— Oazą tą — rzekł — na któréj zatrzymałem się w wędrówce mego życia, są chwile przy pani spędzone, a kwiatem wspaniałym, jaki na téj oazie znalazłem, jest uczucie...
Nie dopowiedział, bo w téj chwili koło rozrywało się w pojedyńcze pary. Objął moją kibić drżącém ramieniem, ale głowa jego, niby słonecznik za słońcem obróciła się w stronę Rozalii, która okręcała się z innym tancerzem.
Kadryl był skończony. W sercu mojém wzmogły się przykre uczucia, burza wrzała już w niém i huczała na dobre...
W sali coraz duszniéj było i parniéj, pomimo, że otworzono na oścież drzwi od ogrodu.

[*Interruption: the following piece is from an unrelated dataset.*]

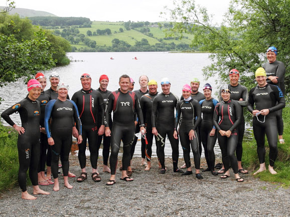 Saturday morning – 9am, Lakeside at Bala, MVH flags in place, 22 of MVH listened intently to the coaches instructions. “Ok – as the water may be a bit cool – we will practice fast starts to warm up and then swim in fast, medium and ‘hurry up’ packs of swimmers to the buoy – oh the buoy – you will see it just around the corner…”

Dążyłam ku drzwiom tym, aby ochłodzić się nieco na progu, gdy na drodze mojéj zobaczyłam Rozalią, stojącą tak, że koniecznie przejść obok niéj musiałam. Stała oparta ręką o konsolę, z takiém rozpromienieniem na twarzy, jakiego nigdy jeszcze u niéj nie widziałam.
Okropność! Radość, rozlana po twarzy kuzynki, ugodziła mi w samo serce ostrém zakłuciem: pomyślałam sobie, że zapewne wzniecał ją długi uścisk ręki pana Agenora i ogniste spojrzenie jego, i poraz piérwszy w życiu doświadczyłam uczucia głuchéj niechęci, podobnéj do nienawiści.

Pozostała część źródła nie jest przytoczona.